• _Instructions for the task_
For the material below, reproduce exactly each line from the one that has "The inflatable stand-up" through the one that has "When composition of", and no others; pictures stay out.

• _Records for the task_
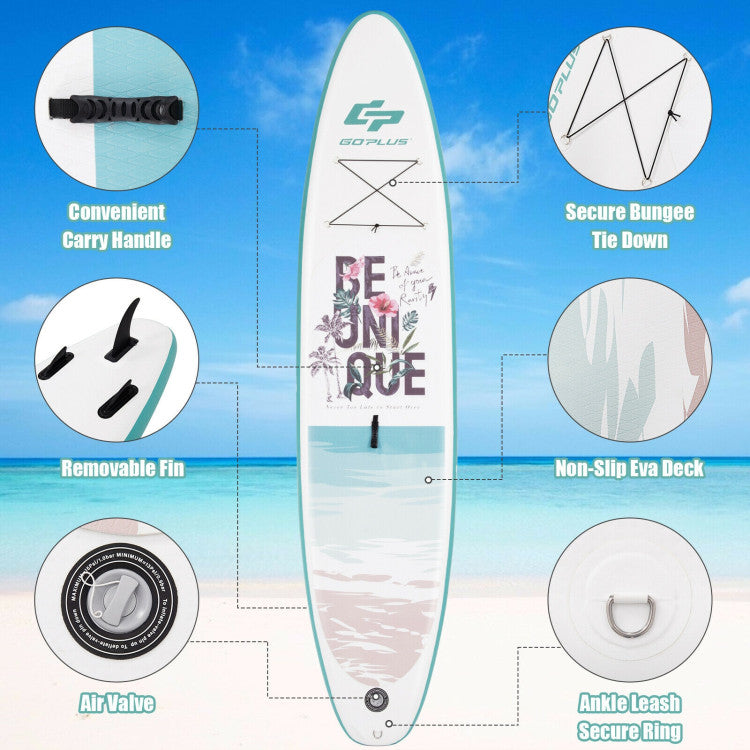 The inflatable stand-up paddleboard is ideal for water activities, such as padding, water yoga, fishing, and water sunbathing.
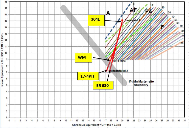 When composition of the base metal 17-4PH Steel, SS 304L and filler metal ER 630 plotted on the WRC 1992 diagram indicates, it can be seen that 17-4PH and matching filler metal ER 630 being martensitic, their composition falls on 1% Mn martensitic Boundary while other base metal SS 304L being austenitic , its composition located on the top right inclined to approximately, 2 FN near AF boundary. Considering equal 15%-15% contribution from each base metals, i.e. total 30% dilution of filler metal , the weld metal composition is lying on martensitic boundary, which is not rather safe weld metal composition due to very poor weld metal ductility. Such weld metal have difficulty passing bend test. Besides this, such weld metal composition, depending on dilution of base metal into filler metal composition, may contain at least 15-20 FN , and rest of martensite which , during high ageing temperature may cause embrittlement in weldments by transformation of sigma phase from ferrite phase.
--
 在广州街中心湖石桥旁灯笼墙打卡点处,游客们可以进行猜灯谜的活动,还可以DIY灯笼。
---
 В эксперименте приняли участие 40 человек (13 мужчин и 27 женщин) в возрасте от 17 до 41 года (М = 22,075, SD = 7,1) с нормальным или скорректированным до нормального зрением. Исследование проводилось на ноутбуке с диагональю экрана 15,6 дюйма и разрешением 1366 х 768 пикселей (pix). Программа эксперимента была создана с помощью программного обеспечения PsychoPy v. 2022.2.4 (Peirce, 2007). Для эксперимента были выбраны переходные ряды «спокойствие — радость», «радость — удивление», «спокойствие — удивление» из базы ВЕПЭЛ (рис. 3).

• _Exercise result_
 The inflatable stand-up paddleboard is ideal for water activities, such as padding, water yoga, fishing, and water sunbathing.
 When composition of the base metal 17-4PH Steel, SS 304L and filler metal ER 630 plotted on the WRC 1992 diagram indicates, it can be seen that 17-4PH and matching filler metal ER 630 being martensitic, their composition falls on 1% Mn martensitic Boundary while other base metal SS 304L being austenitic , its composition located on the top right inclined to approximately, 2 FN near AF boundary. Considering equal 15%-15% contribution from each base metals, i.e. total 30% dilution of filler metal , the weld metal composition is lying on martensitic boundary, which is not rather safe weld metal composition due to very poor weld metal ductility. Such weld metal have difficulty passing bend test. Besides this, such weld metal composition, depending on dilution of base metal into filler metal composition, may contain at least 15-20 FN , and rest of martensite which , during high ageing temperature may cause embrittlement in weldments by transformation of sigma phase from ferrite phase.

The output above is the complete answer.